Let's switch memory accounting to atomics so that the allocator function
may safely be used from concurrent Lua states.

Given that this function is extremely hot on the call path, we try to
optimize it for the most common case, which is:
  - no limit
  - there's enough memory

The accounting is what is particuarly expensive in threads since all
CPUs compete for a cache line, so when the limit is not used, we don't
want to use accounting. However we need to preserve it during the boot
phase until we may parse a "tune.lua.maxmem" value. For this, we turn
the unlimited "0" value to ~0 at the end of the boot phase to mark the
definite end of accounting. The function then detects this value and
directly jumps to realloc() in this case.

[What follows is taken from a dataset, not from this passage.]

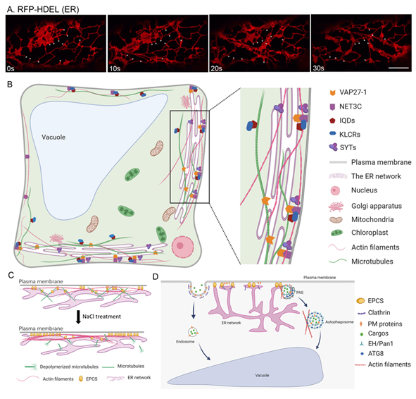 在本研究中,是研究就植物EPCS与细胞骨架互作的分子机制进行了进一步的解析,发现了一个高等植物特有的蛋白复合体,即VAP27-IQD-NET-KLCR complex,其包含有植物特有的微丝结合蛋白NETWORKED protein (NET3C);植物特有的微管结合蛋白IQ67-Domain protein (IQD)和微管马达蛋白Kinesin-light Chain Related protein (KLCR)。此复合体可以同时与微丝-微管互作,并与内质网-质膜-细胞壁连续体结合,形成了一个横跨细胞内外的细胞骨架调控中枢,对细胞骨架与内质网结构的维持,细胞形态的建立都起到了至关重要的作用。 此研究对植物细胞骨架动态调控与细胞形态建立的机制有了更深入的解析,揭示了内质网与细胞骨架在结构和功能上,存在着相互调控的机制(Zang et al., 2021 Curr Biol, 2021)。

When the limit is enforced however, we use a CAS to check and reserve
our share of memory, and we roll back on failure. The CAS is used both
for increments and decrements so that a single operation is enough to
update the counters.
diff --git a/src/hlua.c b/src/hlua.c
index 176e6f7..0497041 100644
--- a/src/hlua.c
+++ b/src/hlua.c
@@ -225,15 +225,18 @@
  */
 static unsigned int hlua_nb_instruction = 10000;
 
-/* Descriptor for the memory allocation state. If limit is not null, it will
- * be enforced on any memory allocation.
+/* Descriptor for the memory allocation state. The limit is pre-initialised to
+ * 0 until it is replaced by "tune.lua.maxmem" during the config parsing, or it
+ * is replaced with ~0 during post_init after everything was loaded. This way
+ * it is guaranteed that if limit is ~0 the boot is complete and that if it's
+ * zero it's not yet limited and proper accounting is required.
  */
 struct hlua_mem_allocator {
 	size_t allocated;
 	size_t limit;
 };
 
-static struct hlua_mem_allocator hlua_global_allocator;
+static struct hlua_mem_allocator hlua_global_allocator THREAD_ALIGNED(64);
 
 /* These functions converts types between HAProxy internal args or
  * sample and LUA types. Another function permits to check if the
@@ -8180,6 +8183,10 @@
 	enum hlua_exec ret;
 	const char *error;
 
+	/* disable memory limit checks if limit is not set */
+	if (!hlua_global_allocator.limit)
+		hlua_global_allocator.limit = ~hlua_global_allocator.limit;
+
 	/* Call post initialisation function in safe environment. */
 	if (!SET_SAFE_LJMP(gL.T)) {
 		if (lua_type(gL.T, -1) == LUA_TSTRING)
@@ -8231,21 +8238,38 @@
  * is the previously allocated size or the kind of object in case of a new
  * allocation. <nsize> is the requested new size. A new allocation is
  * indicated by <ptr> being NULL. A free is indicated by <nsize> being
- * zero.
+ * zero. This one verifies that the limits are respected but is optimized
+ * for the fast case where limits are not used, hence stats are not updated.
  */
 static void *hlua_alloc(void *ud, void *ptr, size_t osize, size_t nsize)
 {
 	struct hlua_mem_allocator *zone = ud;
+	size_t limit, old, new;
+
+	/* a limit of ~0 means unlimited and boot complete, so there's no need
+	 * for accounting anymore.
+	 */
+	if (likely(~zone->limit == 0))
+		return realloc(ptr, nsize);
 
 	if (!ptr)
 		osize = 0;
 
-	if (zone->limit && zone->allocated + nsize - osize > zone->limit)
-		return NULL;
+	/* enforce strict limits across all threads */
+	limit = zone->limit;
+	old = _HA_ATOMIC_LOAD(&zone->allocated);
+	do {
+		new = old + nsize - osize;
+		if (unlikely(nsize && limit && new > limit))
+			return NULL;
+	} while (!_HA_ATOMIC_CAS(&zone->allocated, &old, new));
 
 	ptr = realloc(ptr, nsize);
-	if (ptr || !nsize)
-		zone->allocated += nsize - osize;
+
+	if (unlikely(!ptr && nsize)) // failed
+		_HA_ATOMIC_SUB(&zone->allocated, nsize - osize);
+
+	__ha_barrier_atomic_store();
 	return ptr;
 }